CONSORT 2010 flow diagram.

2.4. Data collection and instruments

Data were collected using a two-part questionnaire. The first part included demographic characteristics of patients, including age, sex, marital status, educational level, occupational status, place of residence, and BMI; the second part of the questionnaire contained information about the disease,intravenous therapy and catheter characteristics, including the duration of the disease, the duration of chemotherapy, chemotherapy cycles, chemotherapy diet (type, amount, duration and method of administration), absolute neutrophil count, use of steroid anti-inflammatory drugs, history of underlying diseases, catheter insertion date and time, catheter gauge and anatomical location of the catheter. In addition, the phlebitis checklists, based on Visual Infusion Phlebitis (VIP) [46], were used to assess the place of the catheter insertion in terms of the incidence and severity of phlebitis at 12, 24, 36, 48, 60, 72 hour intervals. In order to determine the scientific validity of the questionnaire, the content validity method was used and approved by 10 faculty members specializing in the field under study; the reliability between two evaluatros was used to assess the reliability of the phlebitis check list; and the reliability coefficient was estimated to be 0.85 by the Kappa test.

3. Results

60 subjects participated in the present study. 53.3% of the subjects in the intervention and 63.3% in the control group were male and the rest of the subjects were female. The mean age in the intervention group was 58.9 ± 2.24 and 62.93 ± 2.35 in the control group. The distribution of the subjects was similar in terms of demographic characteristics and disease characteristics such as age, sex, marital status, educational level, body mass index, type of cancer, duration of chemotherapy, chemotherapy cycles, and there was no significant difference between two groups (P > 0.05). There was no significant relationship between age, sex, catheter insertion, catheter gauge and type of chemotherapy diet with phlebitis in the present study. (Table 1)

Table 1

Comparison of demographic and disease characteristics in two groups of intervention and control.
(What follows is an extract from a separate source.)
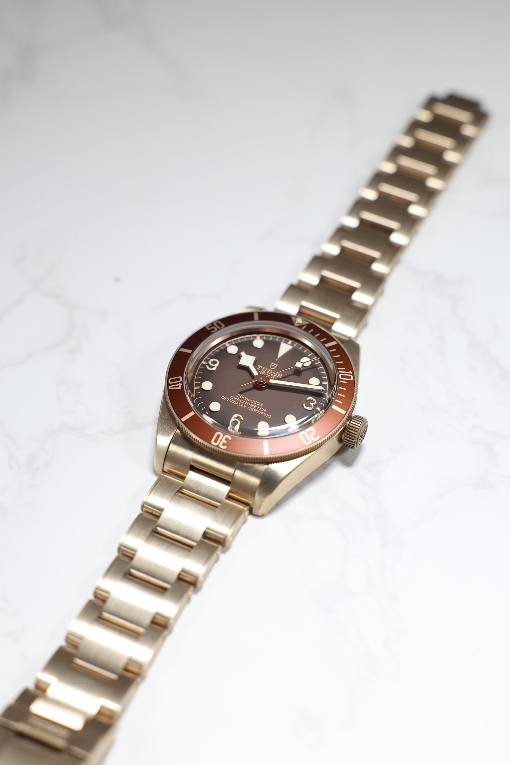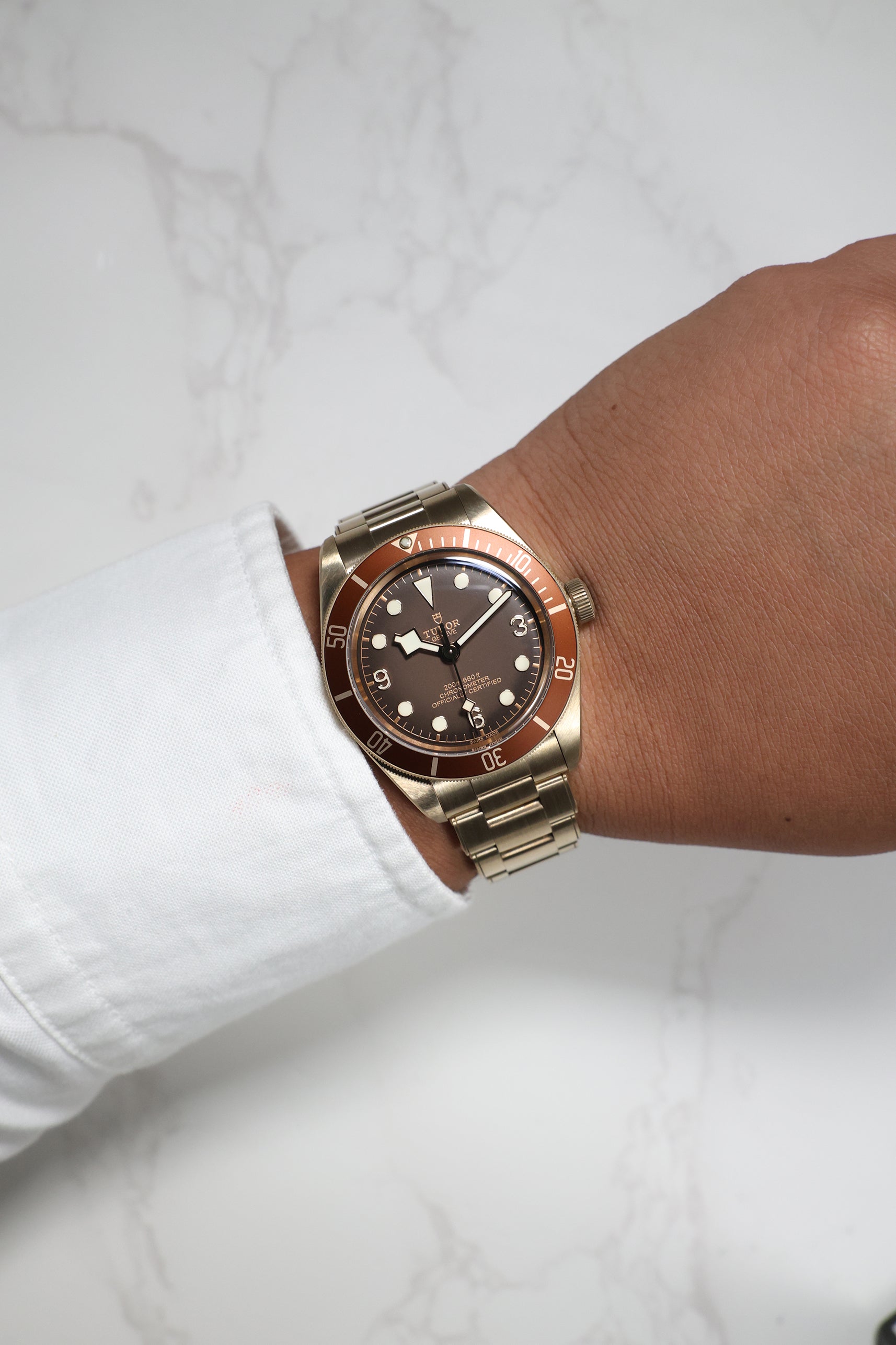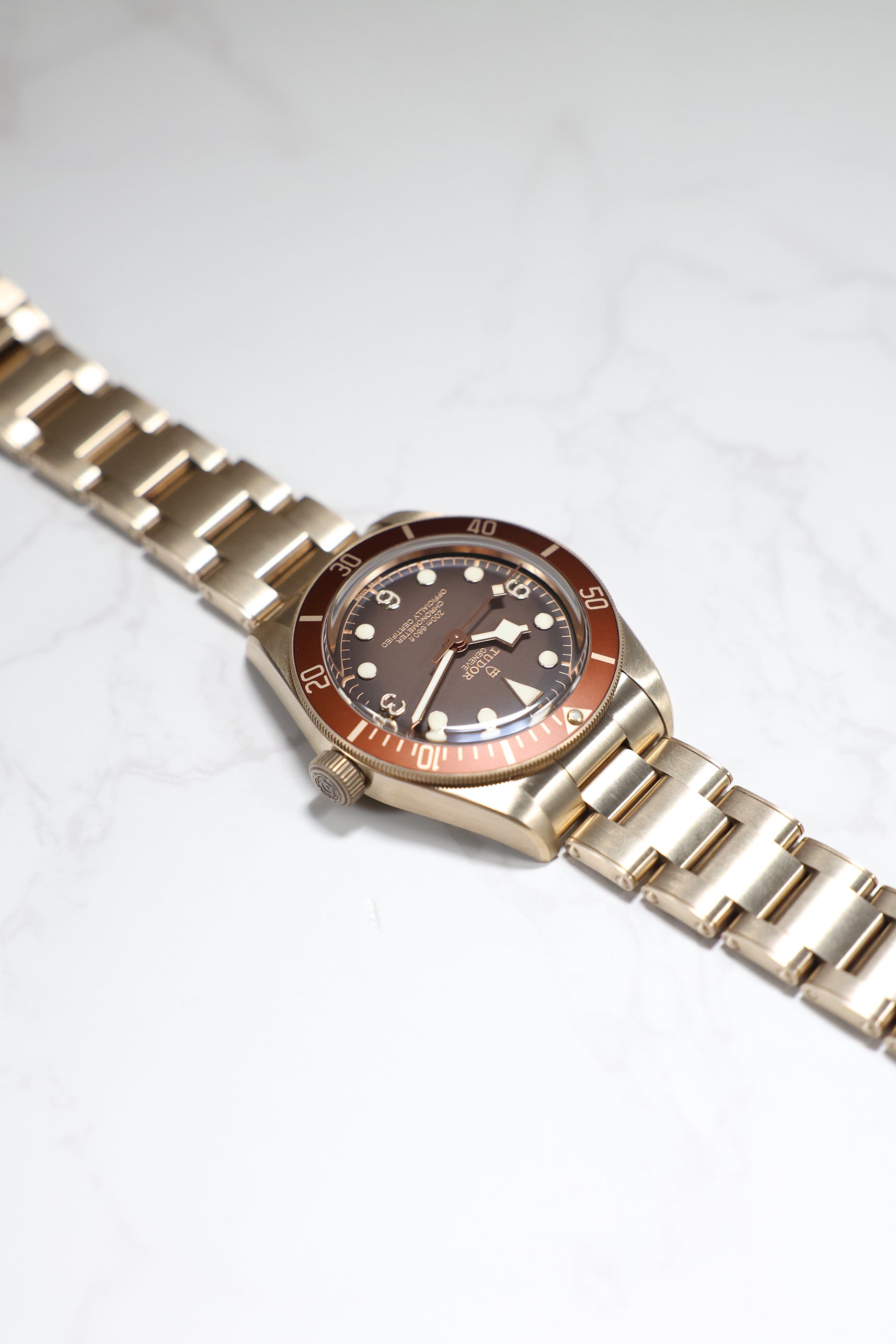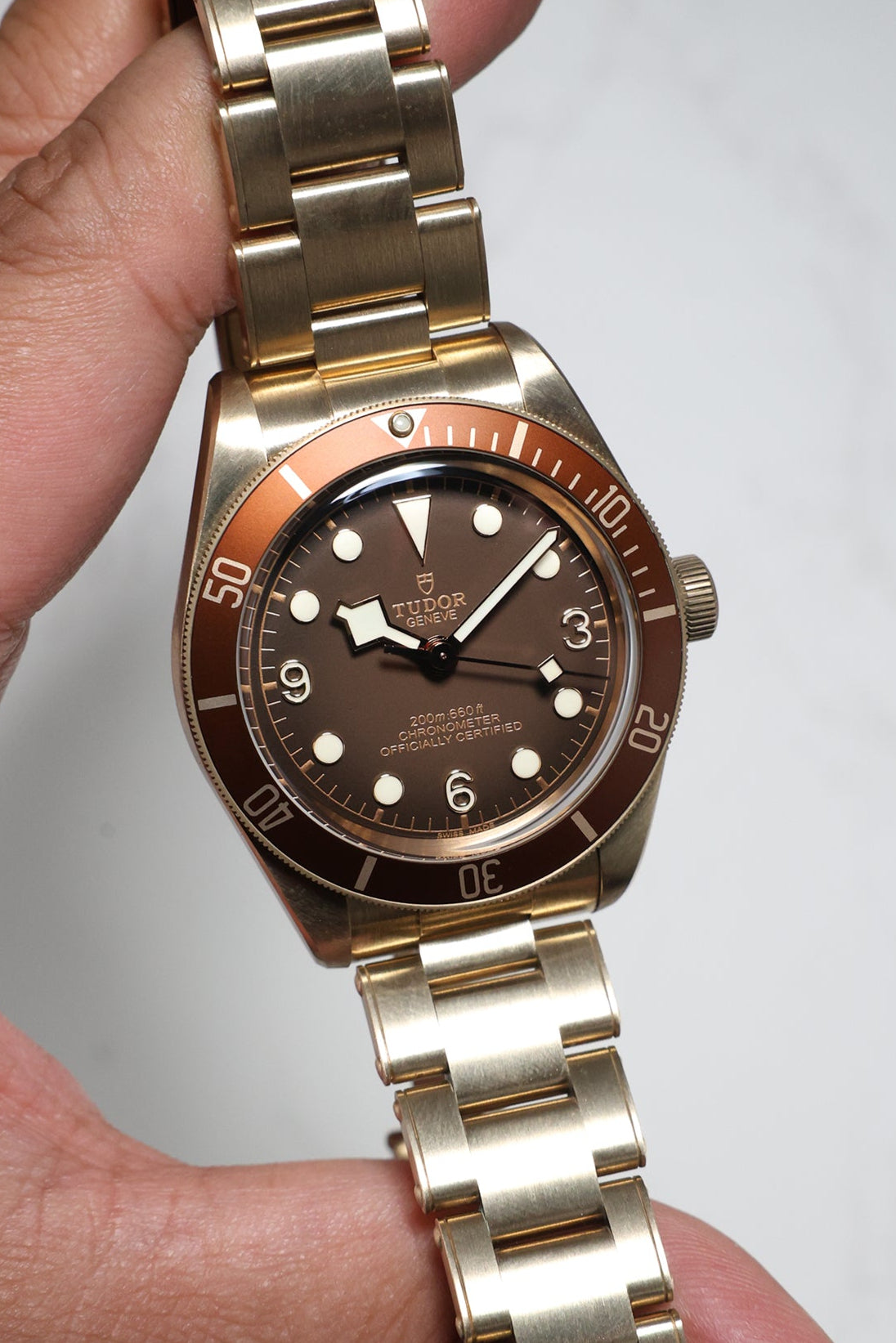 Crafted entirely from a satin-brushed aluminium bronze alloy, the case, unidirectional bezel, screw-down crown, and even the bracelet are all rendered in this warm, "living" metal. Chosen for its durability and its remarkable capacity to develop a unique patina over time, the matte finish enhances the vintage-inspired aesthetic. This ensures that each watch will take on a character entirely its own, maturing beautifully with every wear. The rich brown dial and matching bezel insert feature striking golden accents, directly echoing early Tudor dive models and offering strong contrast and warmth. True to Tudor form, legibility is exceptional, with large luminous hour markers and the signature "snowflake" hands standing out clearly.

Chi-square test did not show a significant difference between two groups in terms of phlebitis incidence at 12 hours (P = 0.2), 24 (P = 0.8), 36 (P = 0.4) and 48 hours (P = 0.06); however, this difference was statistically significant at 60 (P = 0.04) and 72 (P = 0.001) hours. (Table 2)

Table2

Frequency distribution of phlebitis incidence in the studied groups by time intervals.

Based on Fisher’s exact test, at 12 (P = 0.02) and 72 (P = 0.001) hours, there was a significant difference between the two groups in regard to the severity of phlebitis. There was no statistically significant difference between the two groups at 24 (P = 0.1), 36 (P = 0.1), 48 (P = 0.2) and 60 (P = 0.056) hours. (Table 3)

Table 3

Frequency distribution of phlebitis severity in the studied groups by time intervals.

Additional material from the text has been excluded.